A.7869/S.5775 would amend the New York State Estates, Powers and Trusts Law to give a “fiduciary” – an individual granted authority to administer the assets of a deceased person – access and control over all “digital assets, digital accounts or digital devices which are property of the estate or trust” at the time of a person’s death.

This means that every email; social media account and its contents; health care account; online store account; and “any other digital asset which currently exists or may subsequently exist;” would be controlled by the decedent’s fiduciary in the absence of a will to the contrary.

This bill does not sufficiently protect the wishes and privacy rights of those who have died, nor does it protect the privacy of surviving individuals who communicated with the decedent while he or she was alive. The NYCLU urges lawmakers to vote against this bill.

Unless a person has already designated what is to be done with these assets upon his or her death, the bill sets the default at fiduciary access and control; that is, unless an individual spends the time and money to specify in a will that digital assets are private, those digital records are automatically disclosed (in full) to the decedent’s estate and representative.

Very few people have a traditional will (let alone a will that provides for disposition of digital assets); the default position for disposition of digital assets, then, is quite important – not only for the decedent, but for anyone with whom the decedent communicated while alive.

What’s more, the bill’s grant of access and control to a fiduciary trumps any arrangements with a company hosting digital assets that an individual may have made while alive.

A.7869/S.5775 provides that in the absence of a will specifically detailing who may gain access to digital assets when you die, and contrary to any contract or other arrangement you may have made with a social medial platform, an email provider or the like, every digital file you ever possessed – that is, everything you ever e-mailed, uploaded, or saved in digital form – will become open and available to your fiduciary (most likely a family member) when you die.
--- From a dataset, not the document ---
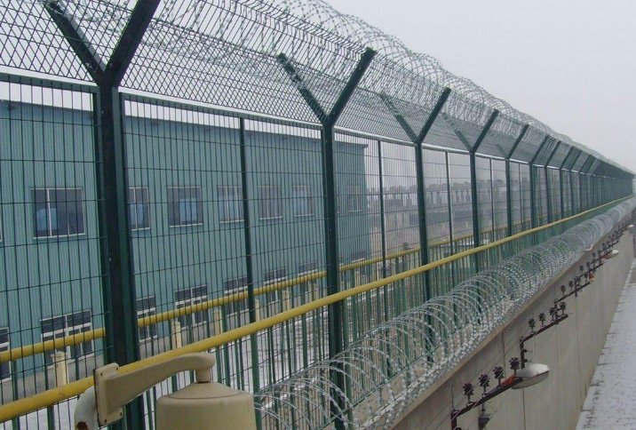 監獄鋼網墻由鍍鋅刺絲滾籠由鋒利的刀型刺由雙線扣裝后成蛇腹狀,既美觀又讓人不寒而栗。起到了很好的阻嚇作用。同時該產品具有美觀、防阻效果好、施工便利等優點。

In the attached letter, the ACLU, along with the Electronic Frontier Foundation, the Center for Democracy and Technology, and Consumer Action, explain that laws like A.7869/S.5775 (which are modeled after the Uniform Law Commission’s Uniform Fiduciary Access to Digital Assets Act, or UFADAA) improperly sets the default at fiduciary access and control, not at consumer privacy. They suggest, and we agree, that the default should be that digital records remain private unless the decedent specifically authorizes otherwise.

As an alternative, these groups, and the NYCLU, recommend the Privacy Expectation Afterlife and Choices Act (“PEAC”) as a model bill. This model legislation is available at http://netchoice.org/library/privacyexpectation-afterlife-choices-act-peac/.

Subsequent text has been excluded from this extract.